Abstract:CAD, nicknamed the "loonie," is the currency abbreviation or currency symbol used to denote the Canadian Dollar. A drop in oil prices, high demand for safe-haven assets due to China, and expectations of a soon recession in the US and in the world press down the loonie. However, the USDCAD rallied up as the situation started to improve. Let's discuss the topic and make up a trading plan.

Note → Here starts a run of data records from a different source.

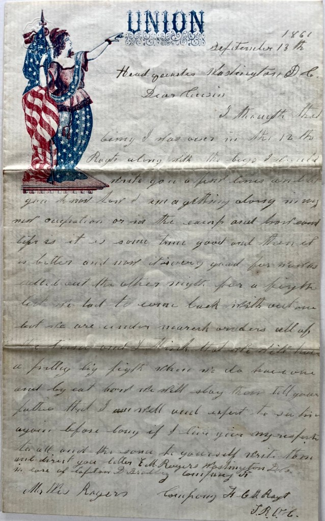 I thought that being [as] I was over in the 12th Regt. along with the boys, I would write you a few lines and let you know how I am getting along in my new occupation, or in the camp and brass wood [?] life. It is sometimes good and then it is better and now it is very good for we was called out the other night for a fight, but we had to come back without one. But we are under marching orders all of the time and I think that we will have a pretty big fight when we do have one, and by [ ] we will stay there. Tell your father that I am well and expect to see him again before long if I live. Give my respects to all and the same to yourself. Write to me and direct your letter—E. M. Rogers, Washington D. C., in care of Captain D. Bradley, Company F.
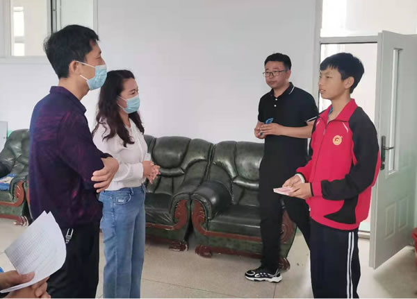 6月17日,在荒地鎮(zhèn)黨委、婦聯(lián)領(lǐng)導(dǎo)的陪同下,遼寧綏四建工集團(tuán)代表來到荒地鎮(zhèn)中學(xué),牽手六年級(jí)品學(xué)兼優(yōu)的貧困學(xué)生岳陽,為他送來2000元助學(xué)金,并表示大學(xué)畢業(yè)前每個(gè)學(xué)期他都會(huì)準(zhǔn)時(shí)收到這筆錢。
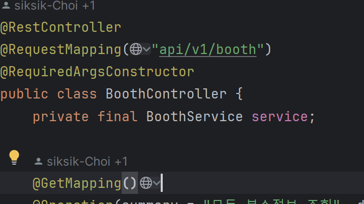 물론 이렇게 class 위에다가 덕지덕지 붙여도 큰 문제는 아니겠지만 일단 보기 너무 안좋고 무엇보다 AllArgsConstructor 사용을 지양하는 트렌드가 있다고 한다. 왜냐? 모든 필드가 추가된 생성자는 매개변수의 순서를 바꿔 넣을 수 도 있기 때문이라고 하는데... 크게 납득이 되진 못한다. 허나 가독성 측면에서도 그렇고 공식 문서에서도 생성자에다 직접 Builder 를 붙여주라고 하기에 나는 앞으로 계속 그렇게 할 것 같다.
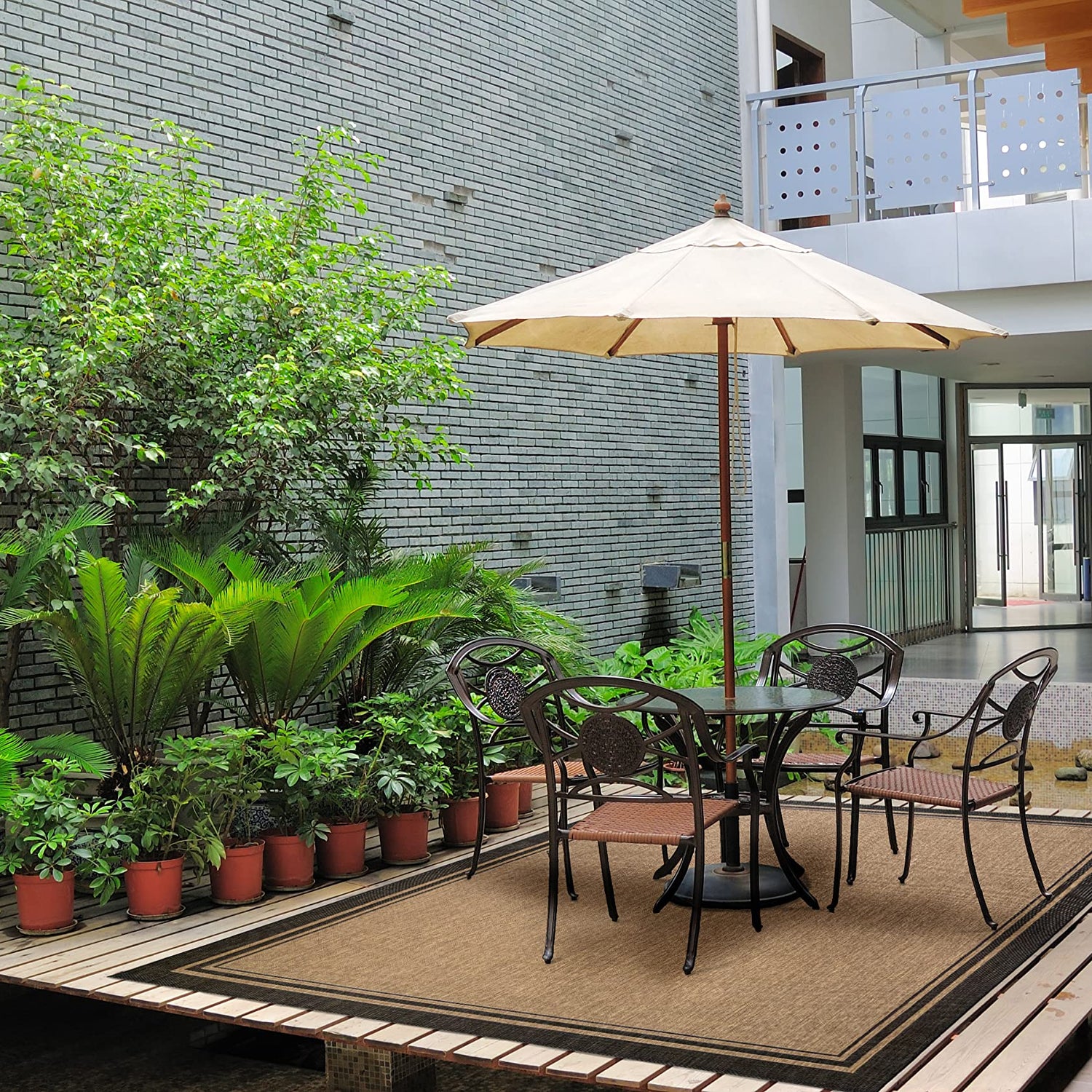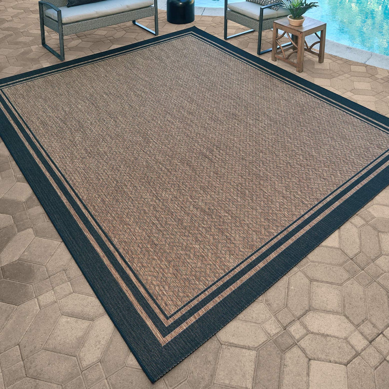 Gertmenian Indoor Outdoor Classic Flatweave Area Rug, Stain & UV Resistant Carpet, Deck, Patio, Poolside & Mudroom, 8x10 Ft Large, Border, Black Tan, 21515
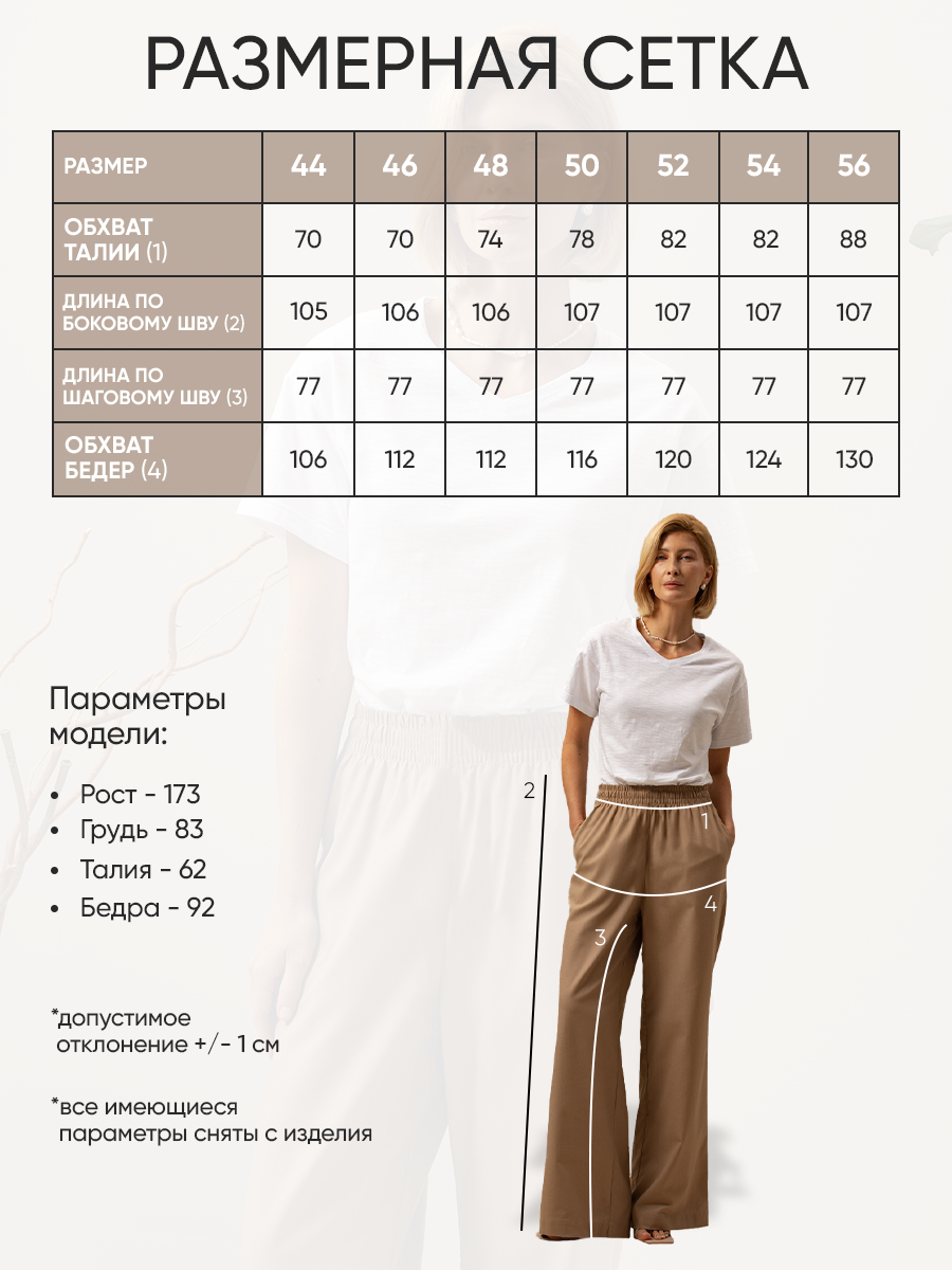 Позвольте себе помечтать в этих невероятно комфортных и стильных брюках "Фантазия" от бренда MODAMICA. Модель выполнена из уникальной смесовой ткани, которая сочетает в себе лучшие свойства натуральных и современных материалов: 40% полиэстер для долговечности и сохранения формы, 30% вискоза для мягкости и изящного драпирования, 20% лен для природной воздухопроницаемости и текстуры, и 10% хлопок для дополнительного комфорта. Такой состав гарантирует, что брюки будут идеально сидеть по фигуре, не мнутся в течение дня и дарят приятные тактильные ощущения. Универсальный фасон и благородный крой делают их идеальным выбором для создания как повседневных образов с простой футболкой, так и более элегантных луков с блузкой или пиджаком. Позвольте вашемy стилю парить с брюками "Фантазия" — где каждый день наполнен вдохновением и удобством.
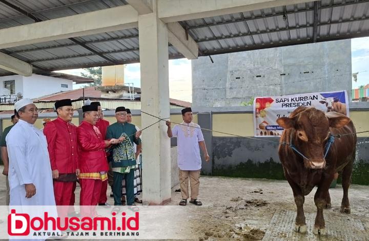 BOHUSAMI.ID, LIMBOTO – Bupati Gorontalo, H. Sofyan Puhi, ST secara simbolis menyerahkan sapi Qurban Bantuan Presiden (Banpres) kepada Takmirul Masjid Agung Baiturahman Limboto.
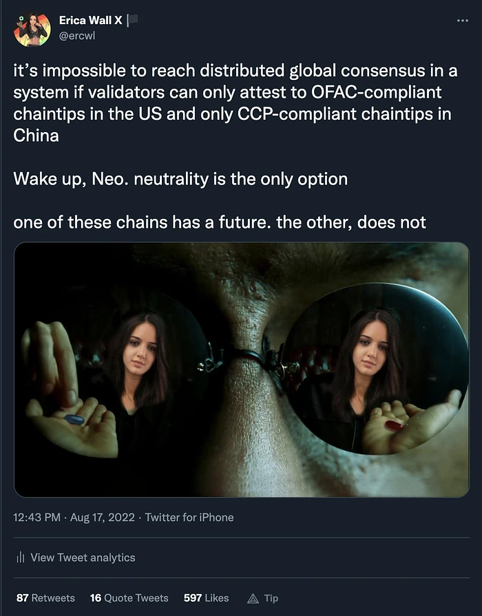 你看,不需要一个聪明的人就能弄清楚为什么 OFAC 链基本上是胎死腹中。你认为 OFAC 链应该如何工作?所有的验证者都应该同意一个要审查的地址列表吗?该列表是否包含来自所有国家/地区的制裁列表?美国的 OFAC,但是俄罗斯的呢?中国的呢?朝鲜的呢?如果每个人都想互相制裁,你如何达成共识?
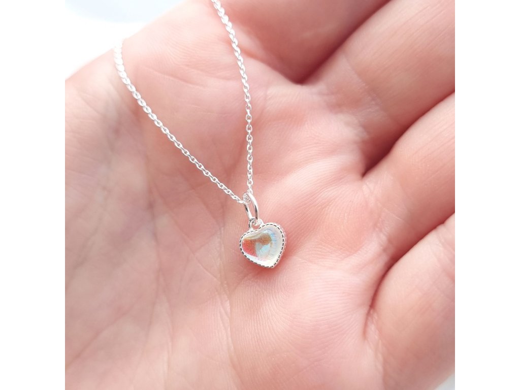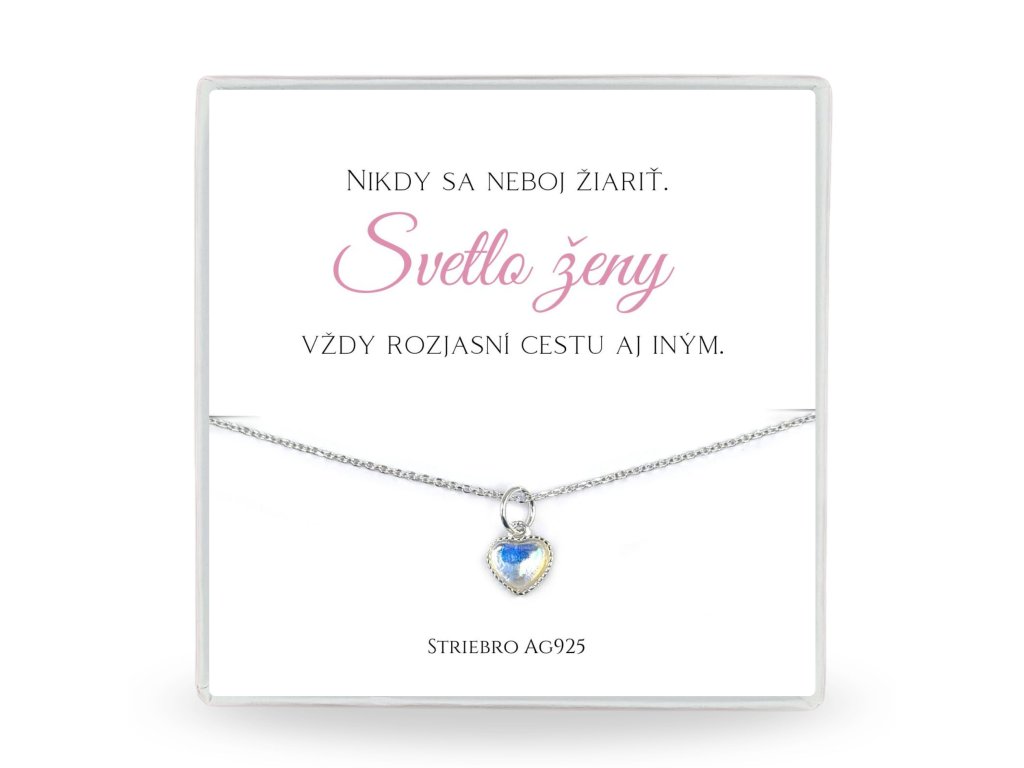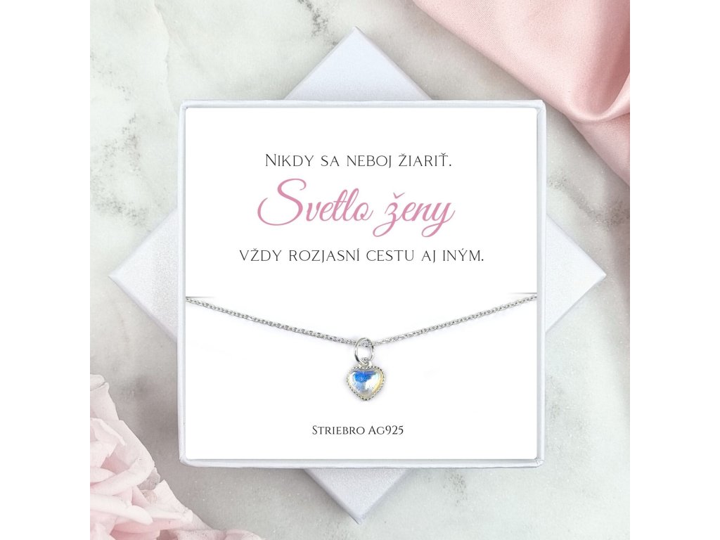 Oslávte silu a krásu každej ženy s touto elegantnou striebornou retiazkou s príveskom v tvare srdiečka Aura. Jemný krištálik odráža svetlo a vytvára jemnú hru farieb, ktorá symbolizuje vnútorné svetlo, energiu a jedinečnosť ženy.

CAD, nicknamed the “loonie,” is the currency abbreviation or currency symbol used to denote the Canadian Dollar. A drop in oil prices, high demand for safe-haven assets due to China, and expectations of a soon recession in the US and in the world press down the loonie. However, the USDCAD rallied up as the situation started to improve. Let's discuss the topic and make up a trading plan.
Fundamental Canadian dollar forecast today
The Consensus Canadian Dollar Forecast predicts short & long term fluctuations of USD & CAD. In autumn, there have been many paradoxical movements in Forex, which, most likely, were of a speculative nature. The US dollar first rose in response to Jerome Powell's statement about the slowdown in the process of raising the federal funds rate, and then fell in response to strong US employment statistics. The euro strengthened, amid the decline in the global risk appetite due to protests in China. At the end of November, it was the turn of the Canadian dollar. The USDCAD soared at the fastest pace in at least a month, despite the release of strong Canada's domestic data.
In the third quarter, Canada‘s economy grew 2.9% against the forecast of +1.5% due to the expansion of net exports by 8.6%. Government spending and stockpiles supported the GDP rise. However, consumption fell for the first time since 2021. This time, it fell by 1%. In addition to the second consecutive drop in companies’ capital accumulation by 5.1% and slow GDP growth in September, this suggests that the BoC monetary tightening has its effect.
Moreover, the current account deficit in July-September of CA$11.1 billion turned out to be greater than Bloomberg experts predicted. This could be a reason to revise down net exports data in the third quarter.
Dynamics of Canadas current account

Mixed economic data do not allow us to accurately predict what the Bank of Canada's December move on the path of monetary tightening will be. BMO Capital Markets believes that nothing in the GDP data keeps the BoC from raising its overnight rate by half a point. On the other hand, Capital Markets forecasts a 25-basis-point rate hike. As a result of the previous meeting, the rate rose by 50 basis points to 3.75%, the highest level since 2008.
From a fundamental point of view, the USDCAD rally is fueled by falling oil prices, expectations from the UK bank HSBC to sell its unit in Toronto to Royal Bank of Canada, as well as a drop in the global risk appetite amid a recession approaching the global economy. The bond yield curve is inverted not only in the US but also in the global debt market, indicating that a recession is near and inflation is slowing down.
Dynamics of global yield curve

At the same time, it is not easy to explain the sharp rise in USDCAD at the beginning of the week ending December 2. Oil grew amid expectations of OPEC+ production cuts, while stock indices and the US dollar have stabilized. According to the Canadian Imperial Bank of Commerce, the rally is due to capital flows based on questionable reasons. Most likely, speculators want to buy out the loonie on crosses after dumping its rate. If so, then the analyzed pair could quickly recover lost positions.
USDCAD trading plan today
Unless Jerome Powells speech impresses investors, the USDCAD will quickly roll down to 1.3465 and 1.343. As long as the price is below 1.3565, one should sell the pair. Otherwise, when the price returns to the abovementioned level, it will be a reason to buy.